> [Task item]: Exclude the pictures and retype the entries as written.

> [Data in this exercise]:
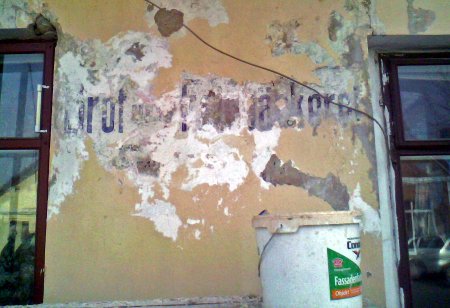 Хотите узнать больше? На улице Жолудева Волковыска проводят ремонт фасада одного из домов, в котором расположено общежитие хлебозавода. 12 апреля под снятой штукатуркой
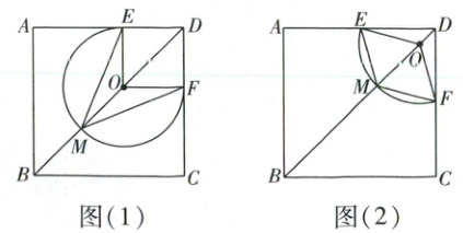 如图(1),图(2),正方形ABCD的边长为5.扇形OEF所在圆的圆心O在对角线BD上,且不与点D重合,半径OE=2,点E,F分别在边AD,CD上,DE=DF(DE≥2),扇形OEF的弧交线段OB于点M,记为$\overset{\frown}{EMF}$.
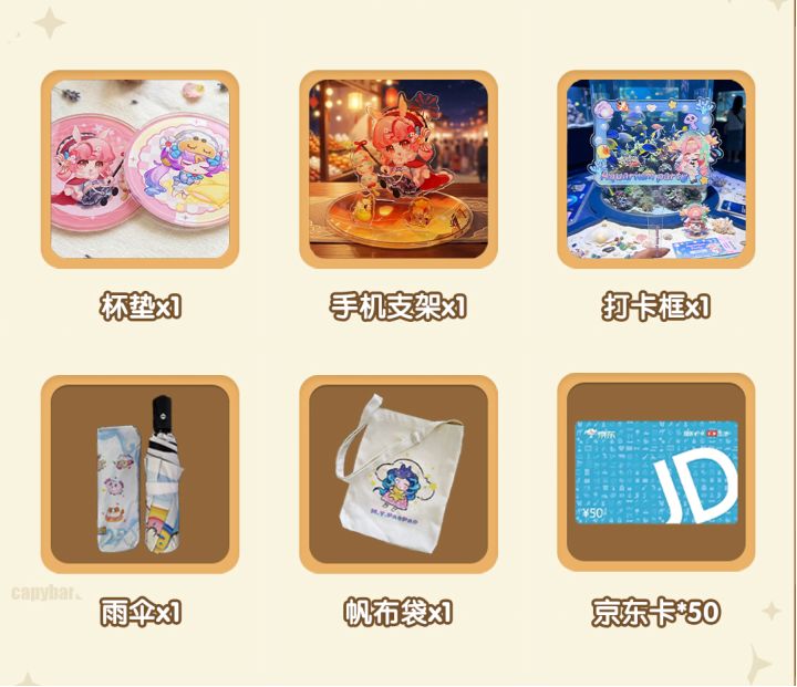 4.京东E卡请添加工作人员,将以电子码的形式发放;实物周边奖励将于15个工作日内寄出;
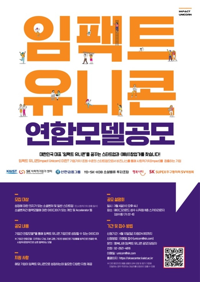 각종 사회문제 해결에 기여하는 소셜벤처를 대기업과 금융기관, 대학이 손을 잡고 집중 육성에 나선다.SK와 신한금융그룹, 카이스트(KAIST) SK사회적기업가센터, 옐로우독(YD)-SK-KDB 소셜밸류 투자조합은 4월 12일까지 소셜벤처 및 예비 창업가를 대상으로 ‘임팩트 유니콘’ 연합 모델을 공모한다고 21일 밝혔다.‘유니콘’은 통상 기업가치 1조원 수준의 스타트업을 일컫는다. 사회적 가치를 함께 창출함으로써 사회 문제 해결에 기여하는 유니콘 기업이 ‘임팩트 유니콘’이다.이번 공모의 특징은 ‘기업간 연합 모델’로 대상을 한정한다는 점이다.즉, 복수의 소셜벤처가 지분 교환 혹은 별도의 지주회사 설립을 통해 연대한 뒤 향후 성장 계획을 제시하면 이를 심사해 전폭적으로 지원하는 방식이다.상품 공동개발 등 단순 협업 수준을 넘어 소셜벤처 간 긴밀한 결합을 통해 지원효과를 극대화하겠다는 의미다. 개별 소셜벤처가 유니콘급 기업으로 성장하기까지 난관이 적지 않다는 현실을 감안한 방식이다.이와 관련, 최태원 SK회장은 사회적 기업에 우수한 인재들이 몰리게 하려면 일정 수준 이상의 매출과 세계적 수준의 잠재력을 갖춰야 하며, 소셜벤처 간 연대와 결합을 통해 성장 속도를 높이는 게 더 효율적일 수 있다고 강조해 왔다.공모 신청방법 및 제출서류 등 세부사항은 카이스트 SK사회적기업가센터 홈페이지에서 확인할 수 있다. 다음달 4일에는 서울 성수동 헤이그라운드에서 설명회가 열린다.공모에서 선정되면 기업 성장에 필요한 마케팅, 재무, IT(정보기술) 서비스는 물론 사업 추진을 위한 인적 자원 및 외부 투자자 연계 등을 지원받게 된다.공모 주관사 중 신한금융그룹은 혁신기업 발굴 육성 플랫폼인 '신한퓨처스랩'을 통해 '임팩트 유니콘' 육성의 취지에 부합하는 '기업간 연합 모델' 발굴과 사업화 지원에 참여한다.신한금융희망재단과 신한대체투자운용은 참여기업에 대한 임팩트 투자를 추진함으로써, 참여기업들이 임팩트 유니콘으로 빠르게 성장할 수 있는 다양한 지원을 계획 중이다.공모를 주관하는 SK수펙스추구협의회 이형희 SV위원장은 "유망한 소셜벤처들이 연대와 협업을 통해 안정적이면서도 빠른 성장을 하도록 지원하고자 한다”며 ”한국에서도 세계적인 임팩트 유니콘이 탄생할 수 있도록 지원을 아끼지 않을 것”이라고 말했다.
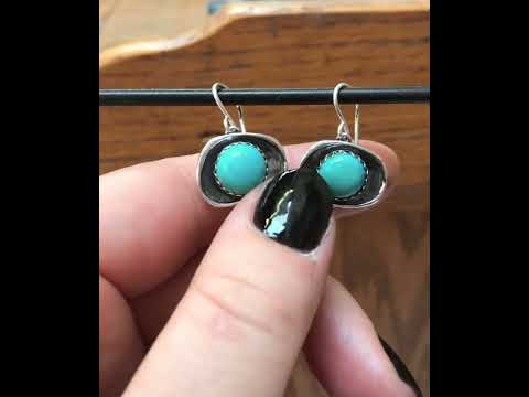 These incredible dangle earrings feature 10mm Kingman Turquoise gemstones in unique .925 sterling settings. They measure 3/4 of an inch across with a drop length of one inch, and they come on solid sterling french hook ear wires.
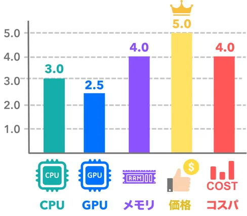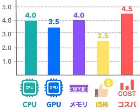 | 順位 | 製品名 | 購入リンク | 参考価格(税込) | CPU | グラフィック | メモリ | ストレージ | CPUクーラー | カスタマイズ |
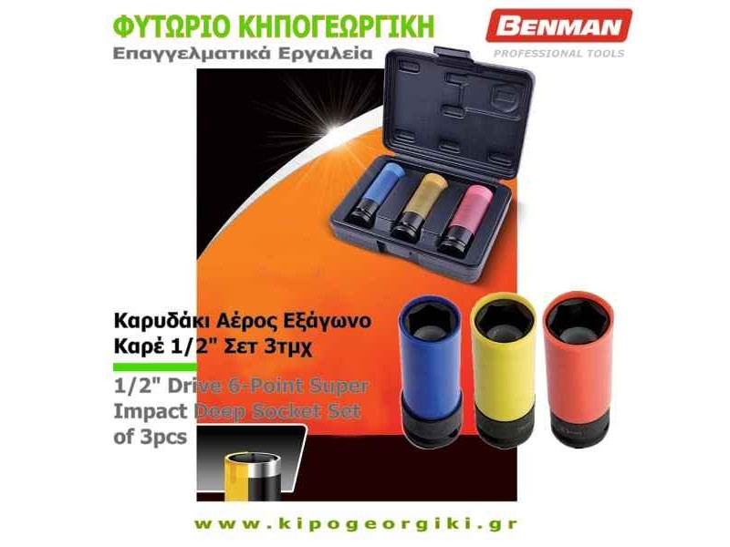 Το Σετ 3 τεμαχίων με Καρυδάκι Αέρος Εξάγωνου Καρέ 1/2" και μεγέθους 17, 19 και 21mm (71071), που παράγεται από την Ελληνική βιομηχανία Benman, αποτελεί έναν εξαιρετικό σύμμαχο για κάθε επαγγελματία και ερασιτέχνη στο πεδίο των μηχανικών εφαρμογών. Τα εξάγωνα καρυδάκια διαθέτουν υποδοχή καρέ 1/2", που τα καθιστά κατάλληλα για σύνδεση με καστάνιες ή μανέλες του αντίστοιχου μεγέθους. Κατασκευάζονται από κράμα χάλυβα με χρώμιο και μολυβδαίνιο (ή χρωμομολυβδαίνιο, Cr-Mo), όπου τα τελευταία καθιστούν τον χάλυβα ισχυρότερο, σκληρότερο, ανθεκτικότερο και ευκολότερο στη σκλήρυνση. Η στιβαρή κατασκευή τους διαθέτοντας και δακτύλιο ενίσχυσης, εξασφαλίζει υψηλή αντοχή και τριπλάσια διάρκεια ζωής σε σύγκριση με τα κλασικά καρυδάκια αέρος με λεπτό τοίχωμα, σύμφωνα με τις δοκιμές του κατασκευαστή. Ένα ιδιαίτερο χαρακτηριστικό καθενός εκ των εν λόγω καρυδακιών είναι τα δύο προστατευτικά καλύμματα που διαθέτει – ένα εσωτερικό και ένα εξωτερικό. Το εξωτερικό κάλυμμα προφυλάσσει ειδικά τις επιφάνειες των τροχών από φθορές, ενώ το εσωτερικό προφυλάσσει από τις ζημιές που μπορεί να προκληθούν στα παξιμάδια και τα μπουλόνια κατά τη διάρκεια των εργασιών. Αυτή η καινοτόμος σχεδίαση εξασφαλίζει την αρτιότητα και την αποτελεσματικότητα στις εφαρμογές σφιξίματος, όταν πρόκειται να αντιμετωπιστούν χαλαρές βίδες και παξιμάδια διαμέτρου 17, 19 και 21mm. Με ορθή σχέση ποιότητας-τιμής, το Σετ 3 τεμαχίων με Καρυδάκι Αέρος της Benman είναι ένα αναγκαίο αξεσουάρ για την εργαλειοθήκη κάθε επαγγελματία, προσφέροντας αξιοπιστία και αντοχή σε μακροχρόνιες χρήσεις. Επιπλέον, η υποστήριξη του προϊόντος με διαθέσιμα ανταλλακτικά προστατευτικά καλύμματα ενισχύει τη βιωσιμότητα και τη φιλικότητα προς τον χρήστη του, διευκολύνοντας τη συντήρηση και τη διάρκεια ζωής του εργαλείου. Το Σετ προσφέρεται σε πρακτική και καλαίσθητη πλαστική κασετίνα.
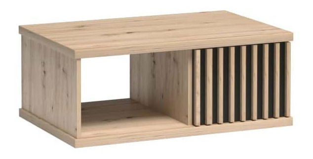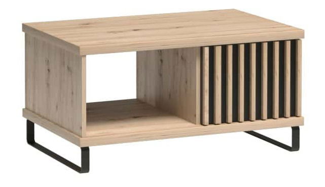 Konferenční stolek Claudi 08 (dub artisan) je funkční nábytek pro váš obývací pokoj. Tento stolek má rozměry 90 x 58 x 36 cm, díky čemuž nabízí dostatek místa pro odkládání různých předmětů. Vychutnejte si pohodlí a relax na terase s tímto konferenčním stolkem. Jeho dvě police a jedna zásuvka jsou zdobeny lištami na černém podkladu, což mu dodává eleganci. Vyrobili jsme jej z kvalitního dubu artisan, který zaručuje odolnost a trvanlivost. Kombinace funkčnosti s moderním designem činí z tohoto stolku perfektní doplněk do vašeho interiéru.
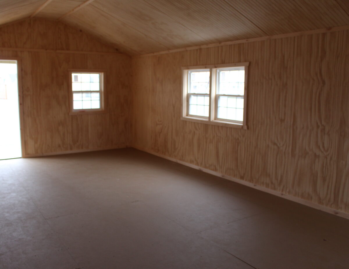 This 14×32 Peak White Deer Cabin is in stock and ready for delivery. With FREE LOCAL DELIVERY. If you want an amazing pre made hunting cabin, or a guest room. Maybe a game room. The sky is the limit with this structure. Already fully insulated floor to ceiling with a cathedral ceiling for more height and appearance. 2×6 roof rafters. A front porch. Just imagine what all you could use this for. Come on in a take a look for your self. Think about the different ways you can set it up with partitions for more rooms, and more. Call Milton at 301-331-9590 or E-mail me at mmiller@pinecreekstructures.com for more information.

> [Your response]:
 Хотите узнать больше? На улице Жолудева Волковыска проводят ремонт фасада одного из домов, в котором расположено общежитие хлебозавода. 12 апреля под снятой штукатуркой
 如图(1),图(2),正方形ABCD的边长为5.扇形OEF所在圆的圆心O在对角线BD上,且不与点D重合,半径OE=2,点E,F分别在边AD,CD上,DE=DF(DE≥2),扇形OEF的弧交线段OB于点M,记为$\overset{\frown}{EMF}$.
 4.京东E卡请添加工作人员,将以电子码的形式发放;实物周边奖励将于15个工作日内寄出;
 각종 사회문제 해결에 기여하는 소셜벤처를 대기업과 금융기관, 대학이 손을 잡고 집중 육성에 나선다.SK와 신한금융그룹, 카이스트(KAIST) SK사회적기업가센터, 옐로우독(YD)-SK-KDB 소셜밸류 투자조합은 4월 12일까지 소셜벤처 및 예비 창업가를 대상으로 ‘임팩트 유니콘’ 연합 모델을 공모한다고 21일 밝혔다.‘유니콘’은 통상 기업가치 1조원 수준의 스타트업을 일컫는다. 사회적 가치를 함께 창출함으로써 사회 문제 해결에 기여하는 유니콘 기업이 ‘임팩트 유니콘’이다.이번 공모의 특징은 ‘기업간 연합 모델’로 대상을 한정한다는 점이다.즉, 복수의 소셜벤처가 지분 교환 혹은 별도의 지주회사 설립을 통해 연대한 뒤 향후 성장 계획을 제시하면 이를 심사해 전폭적으로 지원하는 방식이다.상품 공동개발 등 단순 협업 수준을 넘어 소셜벤처 간 긴밀한 결합을 통해 지원효과를 극대화하겠다는 의미다. 개별 소셜벤처가 유니콘급 기업으로 성장하기까지 난관이 적지 않다는 현실을 감안한 방식이다.이와 관련, 최태원 SK회장은 사회적 기업에 우수한 인재들이 몰리게 하려면 일정 수준 이상의 매출과 세계적 수준의 잠재력을 갖춰야 하며, 소셜벤처 간 연대와 결합을 통해 성장 속도를 높이는 게 더 효율적일 수 있다고 강조해 왔다.공모 신청방법 및 제출서류 등 세부사항은 카이스트 SK사회적기업가센터 홈페이지에서 확인할 수 있다. 다음달 4일에는 서울 성수동 헤이그라운드에서 설명회가 열린다.공모에서 선정되면 기업 성장에 필요한 마케팅, 재무, IT(정보기술) 서비스는 물론 사업 추진을 위한 인적 자원 및 외부 투자자 연계 등을 지원받게 된다.공모 주관사 중 신한금융그룹은 혁신기업 발굴 육성 플랫폼인 '신한퓨처스랩'을 통해 '임팩트 유니콘' 육성의 취지에 부합하는 '기업간 연합 모델' 발굴과 사업화 지원에 참여한다.신한금융희망재단과 신한대체투자운용은 참여기업에 대한 임팩트 투자를 추진함으로써, 참여기업들이 임팩트 유니콘으로 빠르게 성장할 수 있는 다양한 지원을 계획 중이다.공모를 주관하는 SK수펙스추구협의회 이형희 SV위원장은 "유망한 소셜벤처들이 연대와 협업을 통해 안정적이면서도 빠른 성장을 하도록 지원하고자 한다”며 ”한국에서도 세계적인 임팩트 유니콘이 탄생할 수 있도록 지원을 아끼지 않을 것”이라고 말했다.
 These incredible dangle earrings feature 10mm Kingman Turquoise gemstones in unique .925 sterling settings. They measure 3/4 of an inch across with a drop length of one inch, and they come on solid sterling french hook ear wires.
 | 順位 | 製品名 | 購入リンク | 参考価格(税込) | CPU | グラフィック | メモリ | ストレージ | CPUクーラー | カスタマイズ |
 Το Σετ 3 τεμαχίων με Καρυδάκι Αέρος Εξάγωνου Καρέ 1/2" και μεγέθους 17, 19 και 21mm (71071), που παράγεται από την Ελληνική βιομηχανία Benman, αποτελεί έναν εξαιρετικό σύμμαχο για κάθε επαγγελματία και ερασιτέχνη στο πεδίο των μηχανικών εφαρμογών. Τα εξάγωνα καρυδάκια διαθέτουν υποδοχή καρέ 1/2", που τα καθιστά κατάλληλα για σύνδεση με καστάνιες ή μανέλες του αντίστοιχου μεγέθους. Κατασκευάζονται από κράμα χάλυβα με χρώμιο και μολυβδαίνιο (ή χρωμομολυβδαίνιο, Cr-Mo), όπου τα τελευταία καθιστούν τον χάλυβα ισχυρότερο, σκληρότερο, ανθεκτικότερο και ευκολότερο στη σκλήρυνση. Η στιβαρή κατασκευή τους διαθέτοντας και δακτύλιο ενίσχυσης, εξασφαλίζει υψηλή αντοχή και τριπλάσια διάρκεια ζωής σε σύγκριση με τα κλασικά καρυδάκια αέρος με λεπτό τοίχωμα, σύμφωνα με τις δοκιμές του κατασκευαστή. Ένα ιδιαίτερο χαρακτηριστικό καθενός εκ των εν λόγω καρυδακιών είναι τα δύο προστατευτικά καλύμματα που διαθέτει – ένα εσωτερικό και ένα εξωτερικό. Το εξωτερικό κάλυμμα προφυλάσσει ειδικά τις επιφάνειες των τροχών από φθορές, ενώ το εσωτερικό προφυλάσσει από τις ζημιές που μπορεί να προκληθούν στα παξιμάδια και τα μπουλόνια κατά τη διάρκεια των εργασιών. Αυτή η καινοτόμος σχεδίαση εξασφαλίζει την αρτιότητα και την αποτελεσματικότητα στις εφαρμογές σφιξίματος, όταν πρόκειται να αντιμετωπιστούν χαλαρές βίδες και παξιμάδια διαμέτρου 17, 19 και 21mm. Με ορθή σχέση ποιότητας-τιμής, το Σετ 3 τεμαχίων με Καρυδάκι Αέρος της Benman είναι ένα αναγκαίο αξεσουάρ για την εργαλειοθήκη κάθε επαγγελματία, προσφέροντας αξιοπιστία και αντοχή σε μακροχρόνιες χρήσεις. Επιπλέον, η υποστήριξη του προϊόντος με διαθέσιμα ανταλλακτικά προστατευτικά καλύμματα ενισχύει τη βιωσιμότητα και τη φιλικότητα προς τον χρήστη του, διευκολύνοντας τη συντήρηση και τη διάρκεια ζωής του εργαλείου. Το Σετ προσφέρεται σε πρακτική και καλαίσθητη πλαστική κασετίνα.
 Konferenční stolek Claudi 08 (dub artisan) je funkční nábytek pro váš obývací pokoj. Tento stolek má rozměry 90 x 58 x 36 cm, díky čemuž nabízí dostatek místa pro odkládání různých předmětů. Vychutnejte si pohodlí a relax na terase s tímto konferenčním stolkem. Jeho dvě police a jedna zásuvka jsou zdobeny lištami na černém podkladu, což mu dodává eleganci. Vyrobili jsme jej z kvalitního dubu artisan, který zaručuje odolnost a trvanlivost. Kombinace funkčnosti s moderním designem činí z tohoto stolku perfektní doplněk do vašeho interiéru.
 This 14×32 Peak White Deer Cabin is in stock and ready for delivery. With FREE LOCAL DELIVERY. If you want an amazing pre made hunting cabin, or a guest room. Maybe a game room. The sky is the limit with this structure. Already fully insulated floor to ceiling with a cathedral ceiling for more height and appearance. 2×6 roof rafters. A front porch. Just imagine what all you could use this for. Come on in a take a look for your self. Think about the different ways you can set it up with partitions for more rooms, and more. Call Milton at 301-331-9590 or E-mail me at mmiller@pinecreekstructures.com for more information.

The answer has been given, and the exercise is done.